The economic assessment of a PV power plant is mainly decided from the cost of the PV modules required for the concerned plant. Of course, other costs including inverter, battery assembly, labour cost in fixing the modules and installation cost, O and M cost, land cost etc.-are also to be taken into account. The sizing of the inverter, battery assembly, land area requirement etc. are all dependent on the sizing/ number of the PV modules required. The relationship deciding the number of PV modules are hence important, which can be estimated from the following equations that determine the panel generation factor (PGF) and total watt peak rating of the PV modules, as shown below [6].

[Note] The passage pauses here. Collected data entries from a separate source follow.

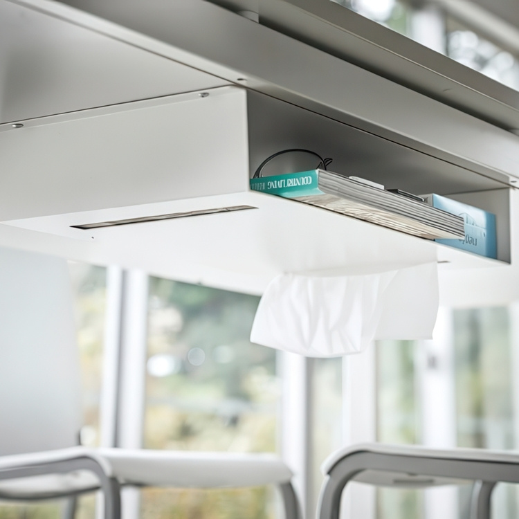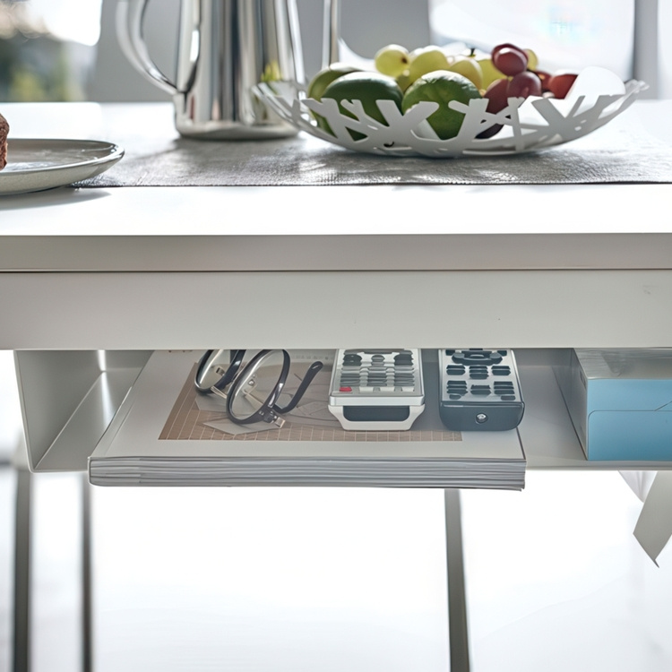 Keep your small essentials elegantly hidden with this under-table shelf.
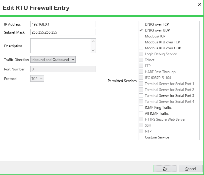 You use a SCADAPack x70 RTU Firewall Table to specify the addresses and services from which a particular SCADAPack x70 device is to accept inward network traffic. When the RTU Firewall is enabled (see above), only network traffic that is transmitted from addresses and services that are included in the RTU Firewall Table is accepted; network traffic that is transmitted from addresses and services that are not included in the RTU Firewall Table is ignored.
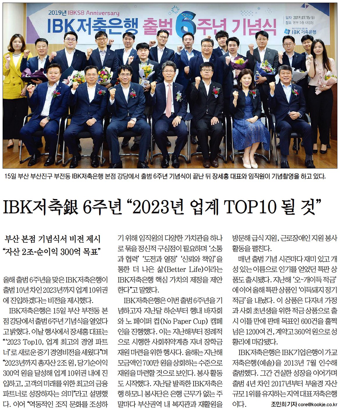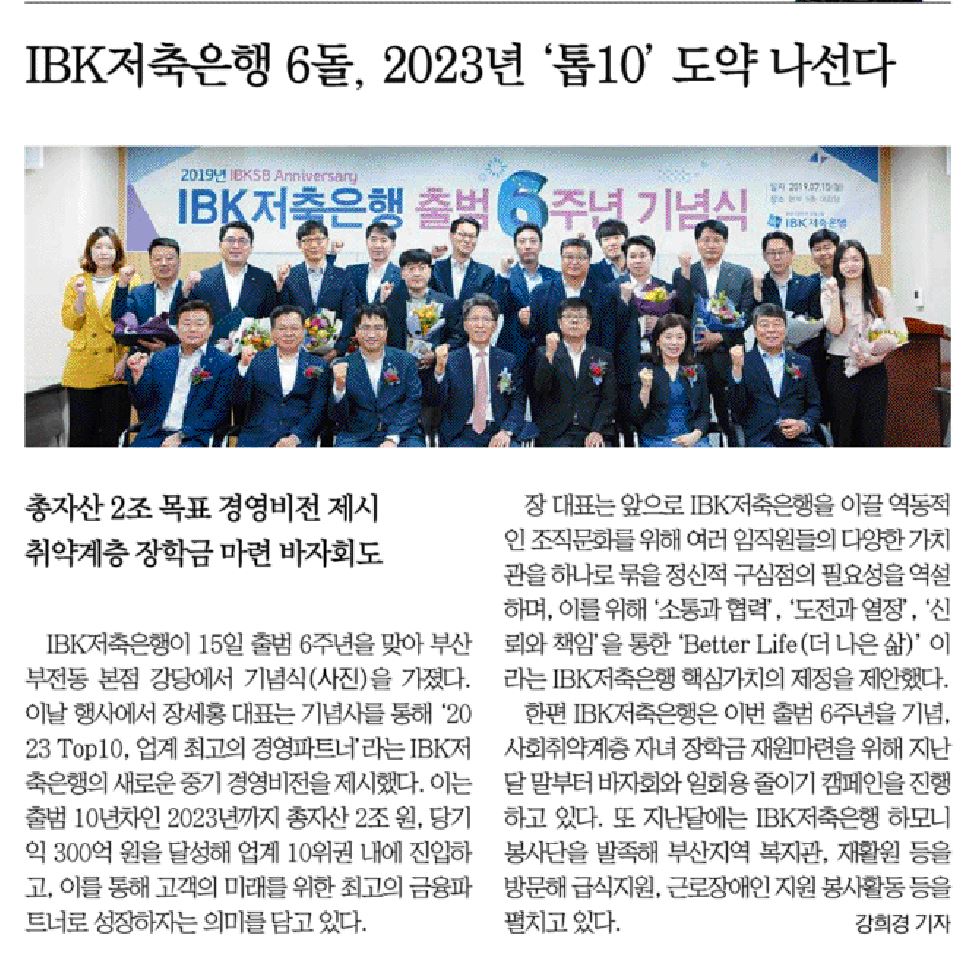 [지면보도] IBK저축은행 출범 6주년 기념식
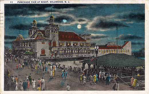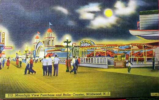 Wildwood, NJ circa 1949 - An almost radioactive nightime view of Funchase Park and its rollercoaster
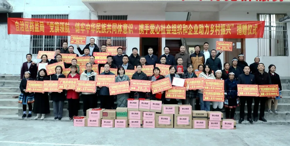 从脱贫攻坚到乡村振兴,广西药监人不但冲在一线,还广泛发动社会各方合力,联合多家企业、协会,握指成拳、聚沙成塔,凝聚起磅礴力量,通过争取政策措施帮扶、项目资金帮扶、捐款捐物帮扶、教育培训帮扶,把爱心撒向最需要的地方和人群。近三年来,联动中华文化发展基金会、港澳博士团及5家社会组织、60余家爱心企业,累计募集资金物资620多万元。设立20余万元教育基金,在关西小学启动午托班项目、扩建爱心食堂,改善100余名学生就餐条件;资助8万元为塘浪村打深近100米水井,解决5个屯1000多人饮水难题。资助3万元为甲坪村建设群众舞台,捐赠办公电脑58台、桌椅25套。新建水柜6个、硬化道路9200多米、铺设排污沟500多米及灌溉管网5300多米。
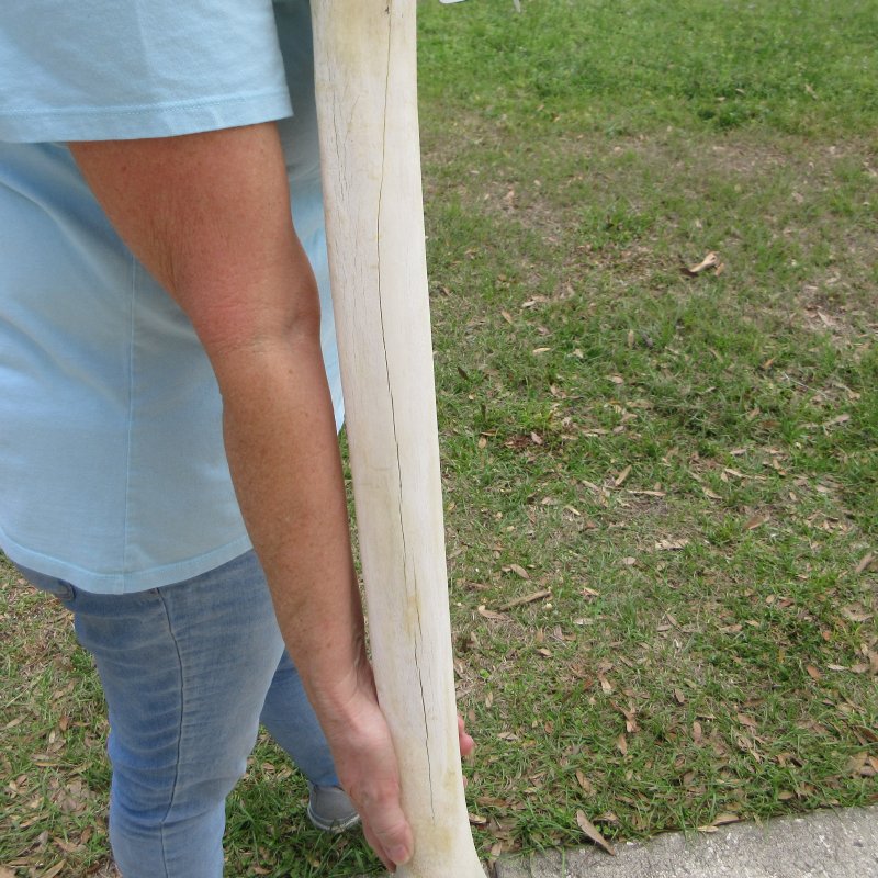 African Giraffe Metacarpal (Giraffa camelopardalis) Leg Bone for sale, measuring approximately 27 inches long. This bone is from a real giraffe and will have imperfections such as cracks, tiny holes, fine lines, discoloration, and chipped edges. - Crack down bone and discoloration. Review all photos. Giraffe leg bones are used for carving, scrimshaw art, making bone knife handles, and for numerous other craft projects.

Panel generation factor = Solar irradiance х sunshine hours / Standard test condition irradiance; (where, solar irradiance (kWh/ m2), depends on site concerned and sunshine hours, which is normally considered to be 9-10 hours and standard test condition irradiation is considered 1000 kWh/m2 ) .. [1]

Total watt peak rating = Total energy requirement from the PV module (kWh/day) / Panel generation factor (PGF); (where, PGF is determined from eqn. 1 and total energy requirement is case specific, depending on the requirement). [2]

Number of PV modules required = Total watt peak rating / PV modules peak rated output; (where, Total watt peak rating is decided from eqn. 2 above and PV modules peak rated output depends on the module type chosen for installation). [3]

It may be relevant to cite a case study as made for a PV plant of 2.5 MW at Jaipur city India. It required 714.1 million INR excluding the land cost, out of which PV module cost was 587.87 million INR [6]; which is more than 82% of the total cost of installation.

Of course, capacity factor of PV plant, which is decided from annual kWh generated for each KW AC peak/8760; is quite decisive in PV economy. In Jaipur case, it showed around 35% [6]. However, it would be case specific and site specific.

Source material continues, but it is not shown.